先住ほどカッコいい人に会ったことがありません。魅力に溢れていて、器が大きくて、男気があり、虚勢を嫌い、表と裏のある人間を嫌い、若者たちに台風の目になれ、もっと暴れろと言い放ち、頭でっかちの大人を笑い飛ばし、明るく、楽しく、いつも朗々と、私たちを育ててくださいました。もちろん、先住を知らない方々も増えてきたと思いますが、私の全ては先住のプロデュースによって出来ており、妙深寺の全ては先住が命を削って築き上げられたものです。 


先住に喜んでいただけるように、今年も粉骨砕身、全身全霊、東奔西走、七転八倒、八面六臂、身命をなげうって、ご奉公させていただきます。 


仏教の中の仏教、真実の教えを、一人でも多くの方々に届けたい。あらゆる機会を通じて伝えたい。 


残念なことに、この人間界こそ無秩序な状態に陥りつつあります。欲望に任せて、欲望を軸に社会を成り立たせてきたのですから仕方がありません。 


地球上に七九億人が暮らす中、世界中の富の大半、十三兆ドル(約一四九〇兆円)超を二七五〇人が独占。日本では不登校の小中学生、自殺した児童生徒が過去最多。すでに世界は壊れています。狂っている。 

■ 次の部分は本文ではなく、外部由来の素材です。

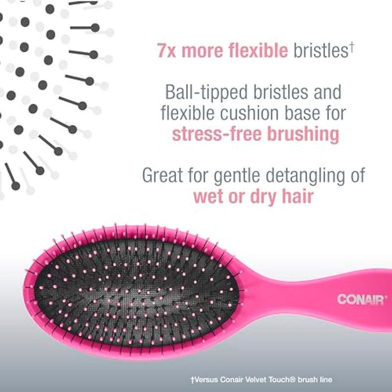 El cepillo desenredante de Conair se desliza fácilmente a través del cabello húmedo o seco sin enganchar o tirar. Utilizalo en cabellos lisos, rizados o gruesos, las cerdas no tironean y el cabello se vuelve libre de enredos de forma rápida y sin dolor. Ideal para niños. El paquete viene con 3 cepillos.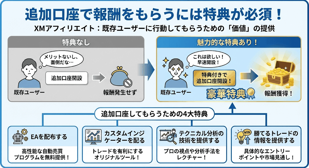 XMアフィリエイトを追加口座してもらい報酬を得るためには、それなりの特典などがないと追加口座してくれません。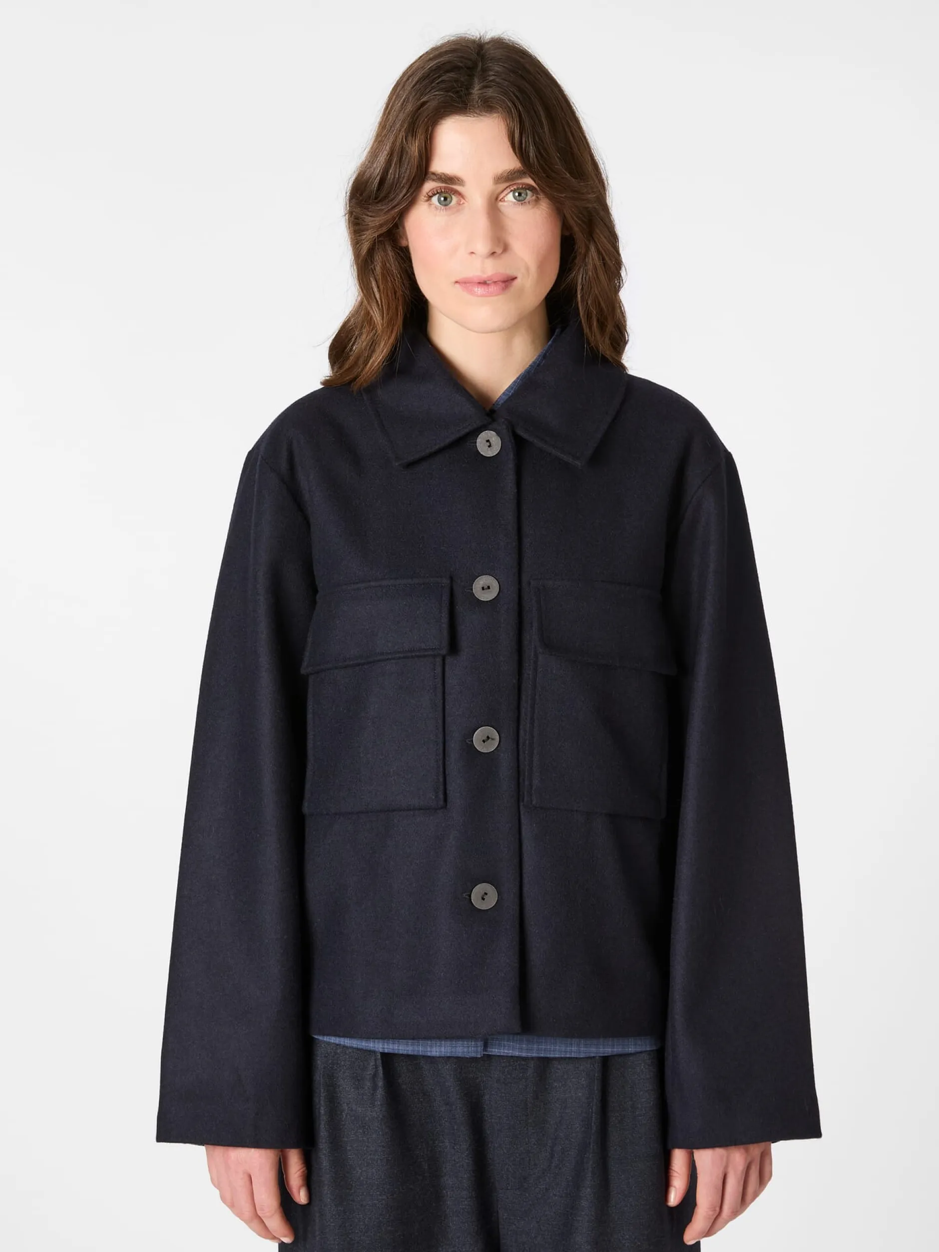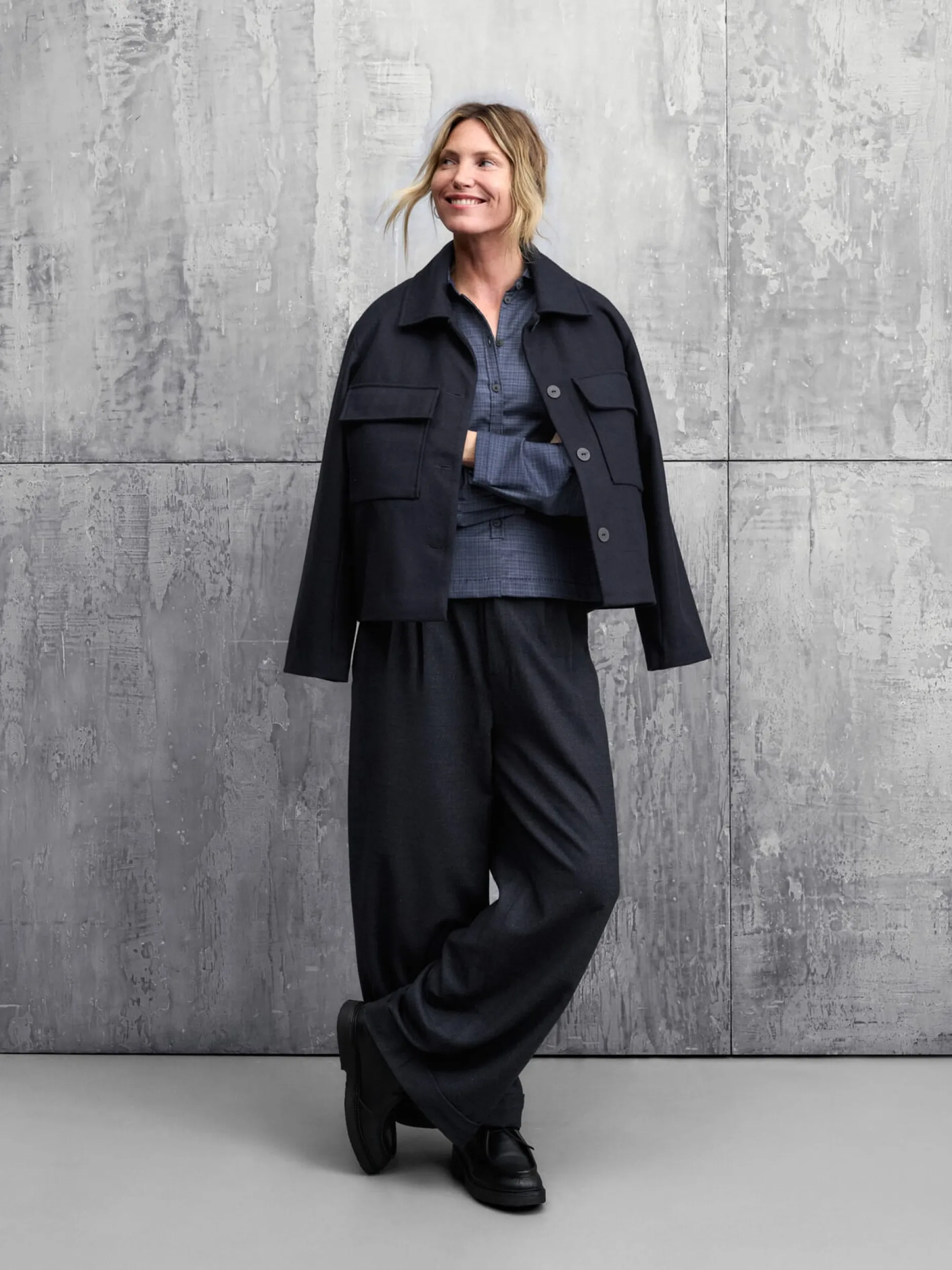 Dank ihrer geraden, legeren Passform und der verwendeten Materialien ist diese Hemdjacke überaus komfortabel und eine ideale Begleiterin für frische Herbst- und Frühlingstage oder kühle Sommerabende. Christiane Strobel fertigt den Oberstoff aus einem dichten, wärmenden Wolltuch, das Futter aus reiner, hautsympathischer Baumwolle. Gearbeitet ist die Jacke mit zwei großen, aufgesetzten Brusttaschen mit Patte und geradem Saum. Weitere schnitttechnische Details sind die Querteilungsnaht am hinteren Saum sowie eine Längsteilungsnaht im Rücken, die die Silhouette optisch verschlankt. Abgerundet wird das Design durch die in Japan handgefertigten Papierknöpfe und das handgestickte Dreieck am rückseitig angebrachten Riegel.

この壊れた世界を生き抜いて、そこに生まれてきた甲斐を、そこで生きる甲斐を、自分も、天も、感じて欲しい。世の中も、人生も、面倒だけど、捨てたものではない。よく見れば世界は美しく、奇跡に溢れています。みんなに伝えたい。 


理不尽なことばかり、無責任なことばかり、不都合なことばかりが起きそうな世界。何が起きても不思議ではない。歪んだ心や壊れた心がこすれ合って軋んでいます。巻き込まれることを前提に覚悟を決めるべきでしょう。 


悲観は感情、楽観は意志。今生人界の目標を立てて、生き切る。浮沈の激しい一喜一憂から永遠の喜びへと変わる日々、変わる人生。 深く息を吸って、気のいい仲間と、大いに笑って、大いに楽しんで、この特別な年を、むちゃくちゃに、前向きに、進んでゆきましょう!